-------- INPUT --------

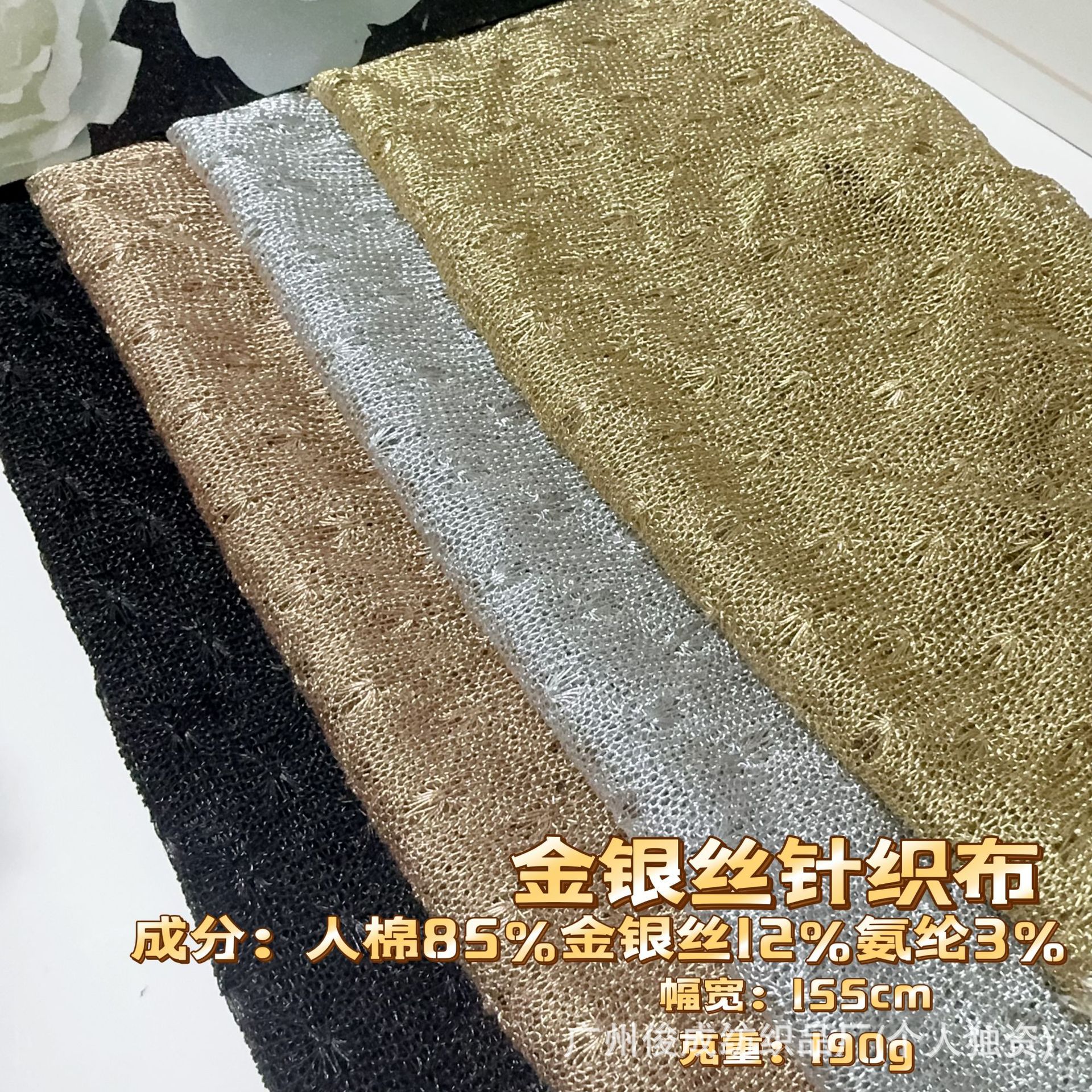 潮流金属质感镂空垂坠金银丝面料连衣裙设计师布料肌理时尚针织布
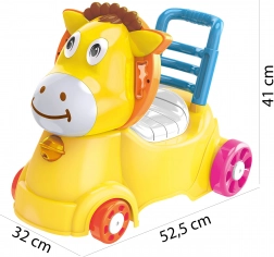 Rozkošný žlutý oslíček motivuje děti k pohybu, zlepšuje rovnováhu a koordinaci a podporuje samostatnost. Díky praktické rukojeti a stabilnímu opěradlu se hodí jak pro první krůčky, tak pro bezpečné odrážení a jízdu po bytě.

--------
-------- INPUT --------

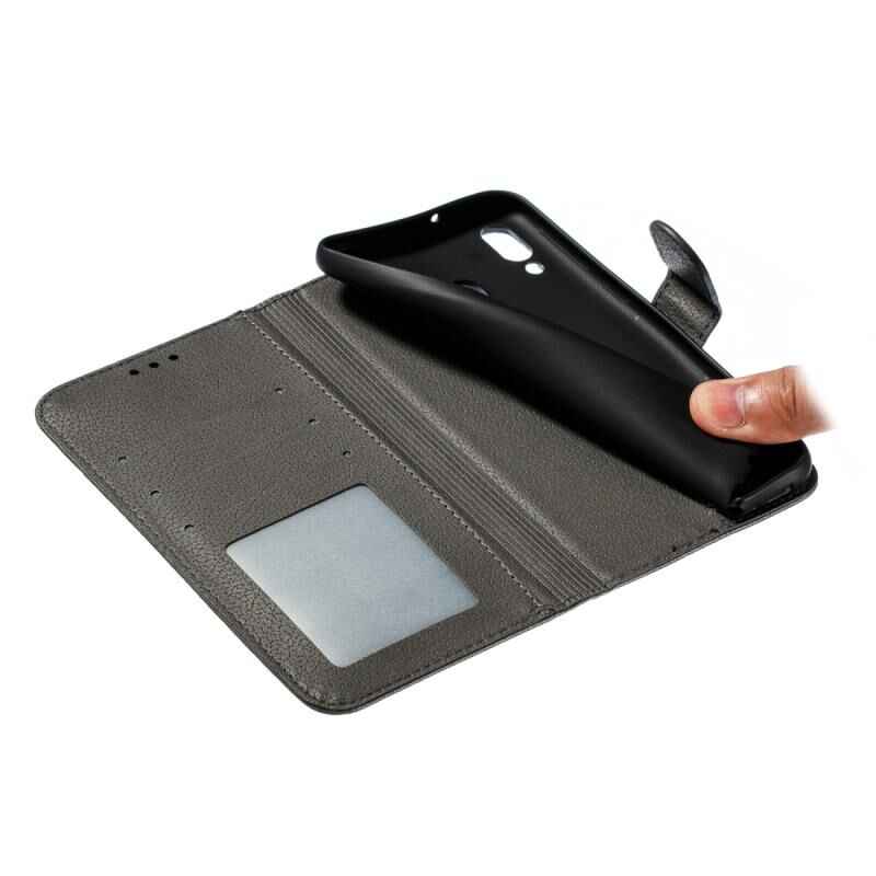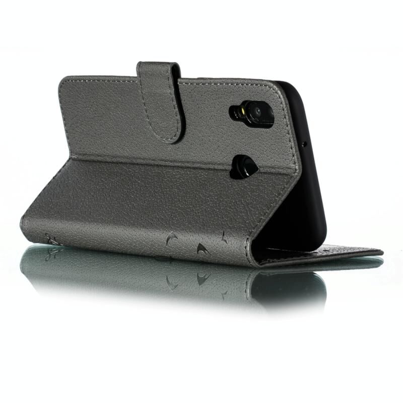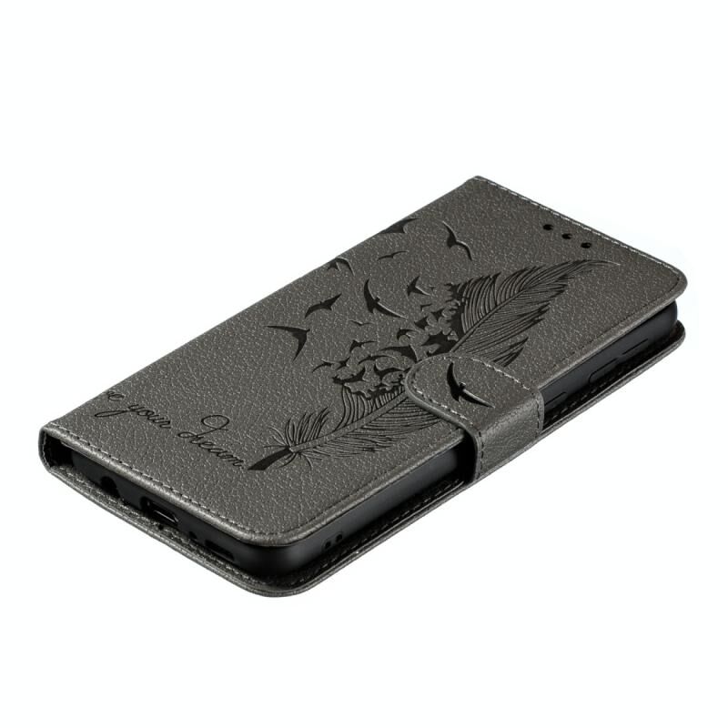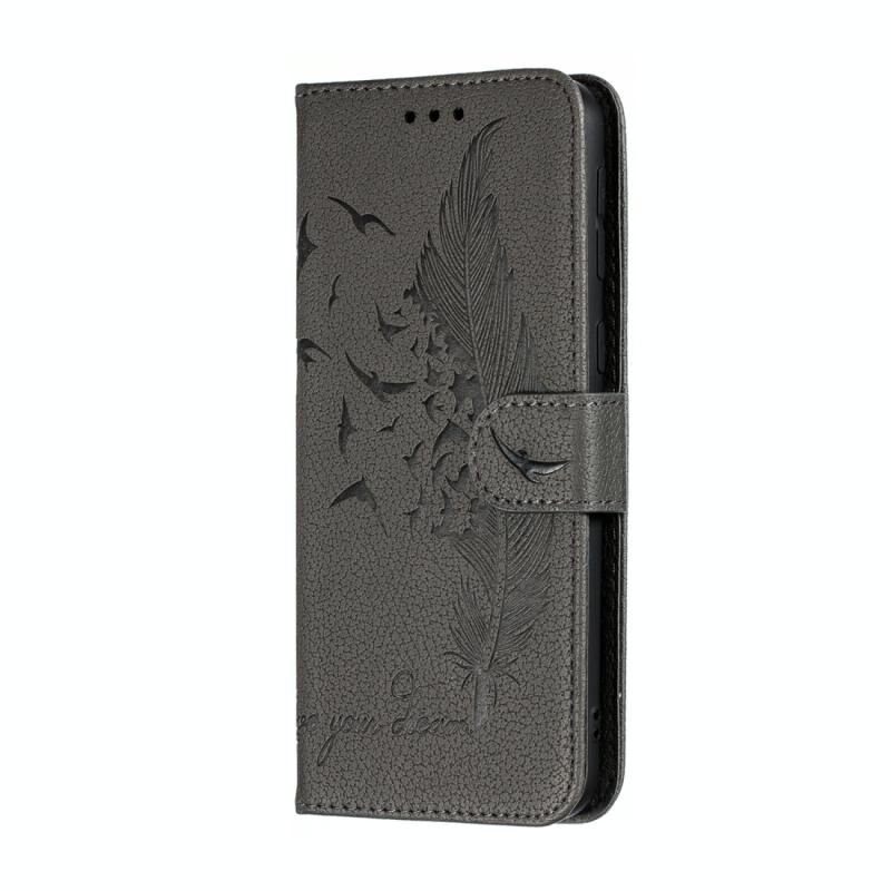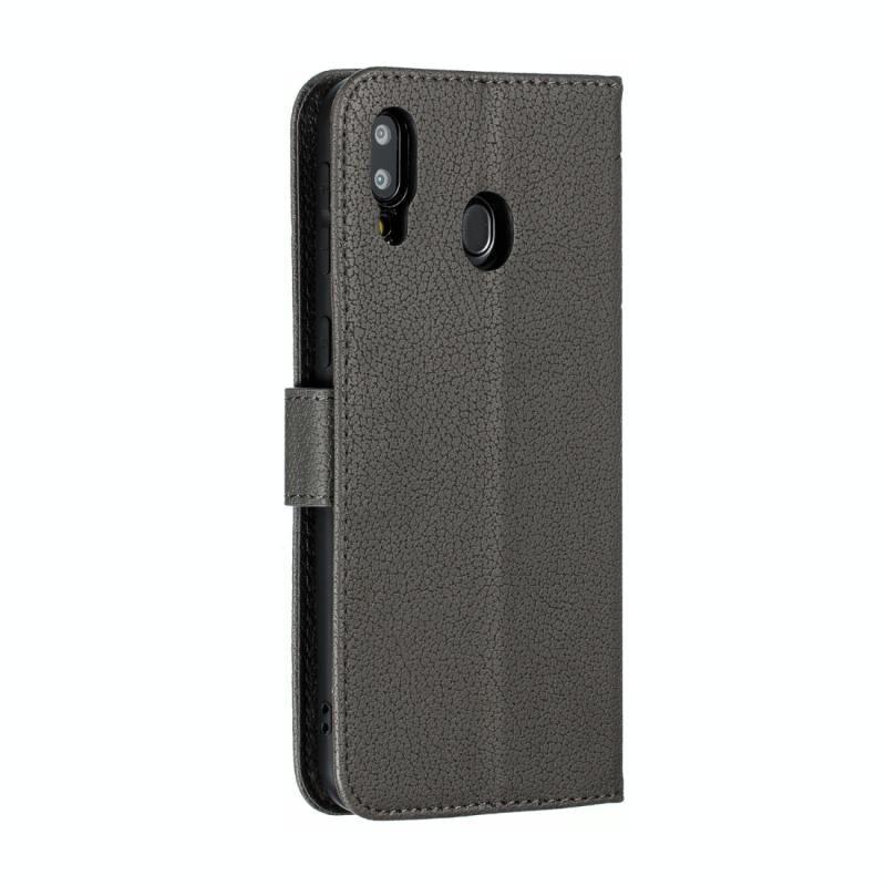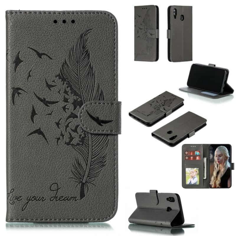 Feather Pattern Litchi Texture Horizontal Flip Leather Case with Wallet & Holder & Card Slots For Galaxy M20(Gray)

--------

:: EXERCISE REQUIREMENTS ::
Of the records above, print only the lines from the one containing "潮流金属质感镂空垂坠金银丝面料连衣裙设计师布料肌理时尚针织布" through the one containing "Rozkošný žlutý oslíček", inclusive and unaltered, leaving out pictures.

:: WRITTEN SOLUTION ::
 潮流金属质感镂空垂坠金银丝面料连衣裙设计师布料肌理时尚针织布
 Rozkošný žlutý oslíček motivuje děti k pohybu, zlepšuje rovnováhu a koordinaci a podporuje samostatnost. Díky praktické rukojeti a stabilnímu opěradlu se hodí jak pro první krůčky, tak pro bezpečné odrážení a jízdu po bytě.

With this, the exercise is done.